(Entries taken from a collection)

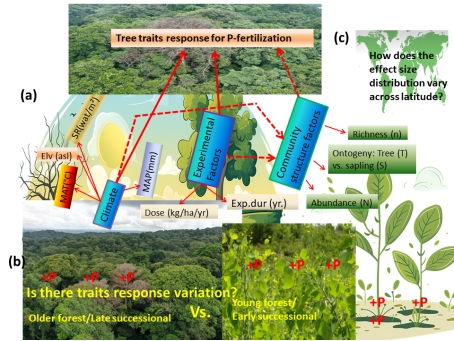 磷素是制约全球森林生产力的主要因素之一,全球范围内磷素添加如何影响树木光合性状及生产力一直未知。为了解决这个问题,888集团娱乐官网
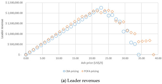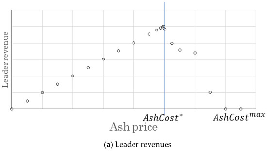 Figure 3 illustrates the behavior of the leader revenues and the quantity purchased by the follower for different prices of the biomass ash, which supports the simple grid search used to find the price ( that maximizes the revenues of the ash producers. The total revenue of the leader () can be defined as the product of the total quantity of biomass ash sold to the cement/concrete producer multiplied by the price (. The leader wants to maximize this value subject to the optimal reaction of the follower.
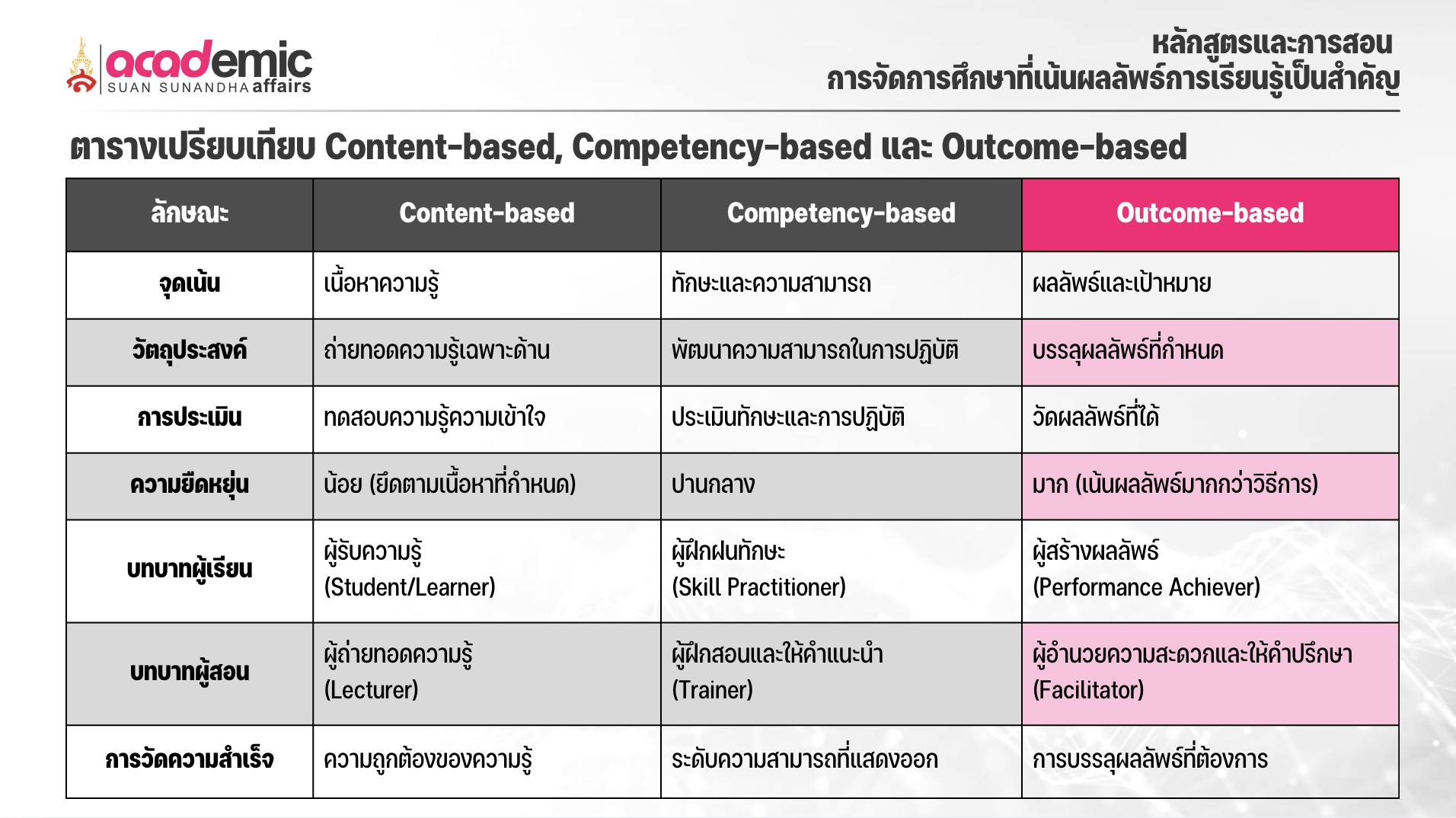เปรียบเทียบระหว่างการจัดการศึกษาที่เน้นเนื้อหา
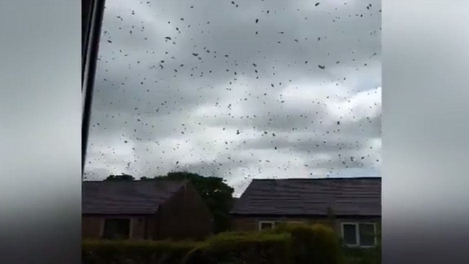 49-letnia Rosalind Ross z przerażeniem nagrywała rój pszczół, który zaatakował okolice jej domu w Mytholmroyd w angielskim hrabstwie West Yorkshire.
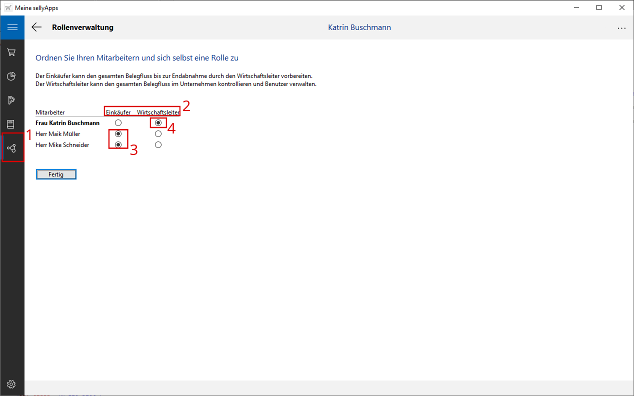 sellyApps. Sie starten daher die Rollenverwaltung, nach Anmeldung an den sellyApps, über das Kreissymbol (s. Markierung 1) und sehen jetzt alle Nutzer Ihres
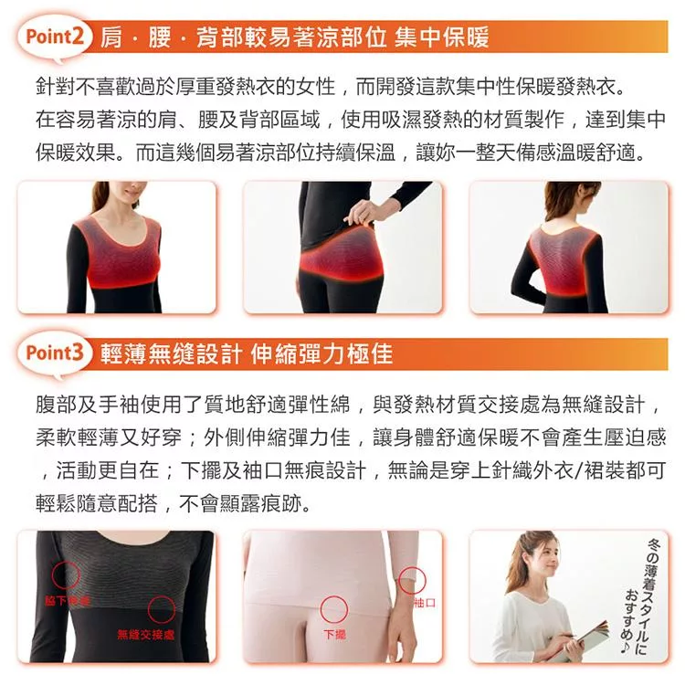 吸濕發熱材質,集中保暖效果佳!
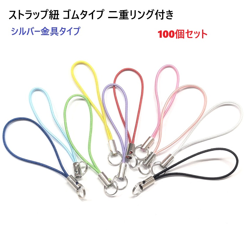 100個セット 携帯ストラップ金具ゴムタイプ二重リング付きS77000NI ストラップ スマホ
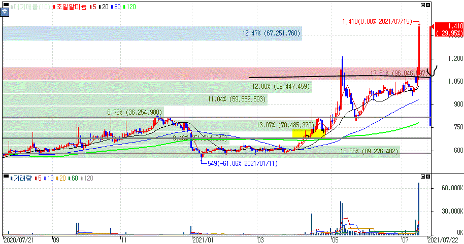 조일알미늄 주가 :: 2021년 07월 15일 오늘의 상한가 종목
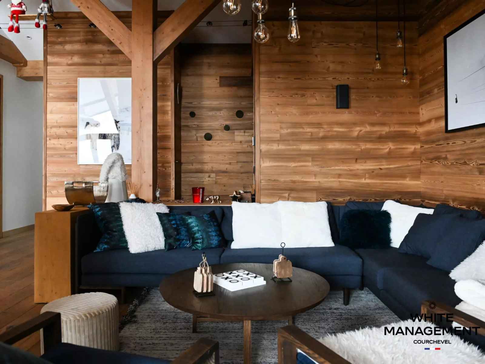 et une cuisine ouverte sur un bel espace repas offrant une superbe vue sur les sommets environnants. Ce penthouse décoré avec goût offre également 4 belles chambres, 4 salles de bains dont 2 en suite, et un grand sauna privatif.
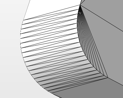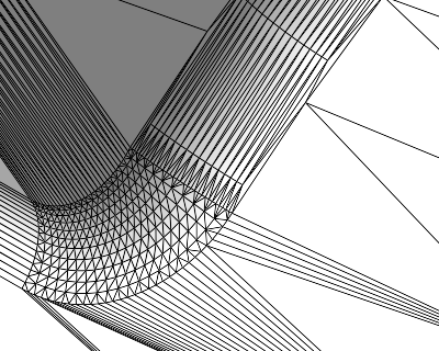 This parameter specifies the maximum allowable distance between generated mesh triangles and the model geometry. Tip: If you have two rounded bevel edges meet at a corner, setting this to a smaller value will ensure that the corner is properly rounded, too.
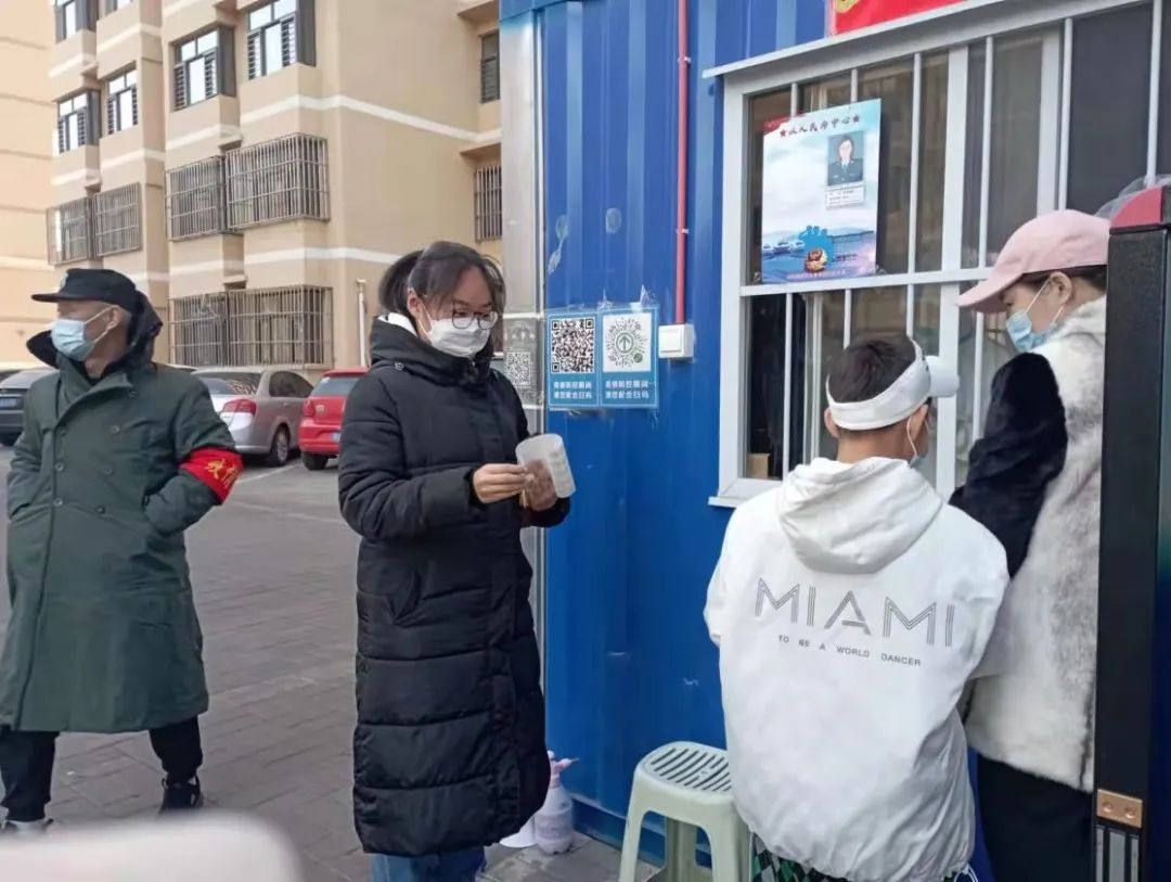 数学科学学院2019级信息与计算科学一班麻心茹协助社区进行核酸检测。
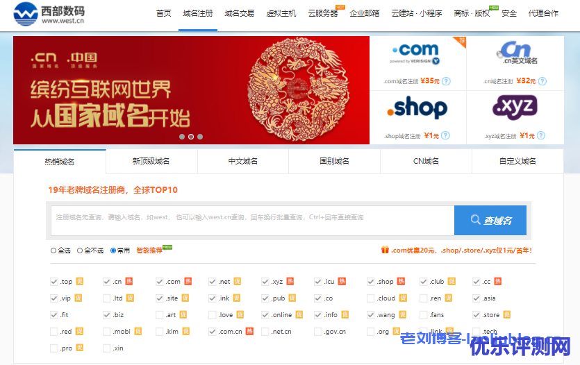 西部数码怎么样?西部数码,号称19年老牌域名注册商,全球TOP10,其支持的可注册的后缀域名也是很多的,国内新网、西部数码、万网都是比较知名的老牌域名注册商,很多大厂也是API代理他们家的域名服务。那么西部数码具体支持哪些后缀域名注册?域名在建站流程中启动怎么样的作用?我们为什么要选择西部数码注册域名呢,老刘博客本文也会和大家探讨下西部数码域名优势的。

_Exercise aim_: Working from the data above, repeat exactly, and only, the lines that begin at the line containing "49-letnia Rosalind Ross" and stop after the line containing "数学科学学院2019级信息与计算科学一班麻心茹协助社区进行核酸检测。"; pictures are not copied.

_Response to the task_:
 49-letnia Rosalind Ross z przerażeniem nagrywała rój pszczół, który zaatakował okolice jej domu w Mytholmroyd w angielskim hrabstwie West Yorkshire.
 sellyApps. Sie starten daher die Rollenverwaltung, nach Anmeldung an den sellyApps, über das Kreissymbol (s. Markierung 1) und sehen jetzt alle Nutzer Ihres
 吸濕發熱材質,集中保暖效果佳!
 100個セット 携帯ストラップ金具ゴムタイプ二重リング付きS77000NI ストラップ スマホ
 조일알미늄 주가 :: 2021년 07월 15일 오늘의 상한가 종목
 et une cuisine ouverte sur un bel espace repas offrant une superbe vue sur les sommets environnants. Ce penthouse décoré avec goût offre également 4 belles chambres, 4 salles de bains dont 2 en suite, et un grand sauna privatif.
 This parameter specifies the maximum allowable distance between generated mesh triangles and the model geometry. Tip: If you have two rounded bevel edges meet at a corner, setting this to a smaller value will ensure that the corner is properly rounded, too.
 数学科学学院2019级信息与计算科学一班麻心茹协助社区进行核酸检测。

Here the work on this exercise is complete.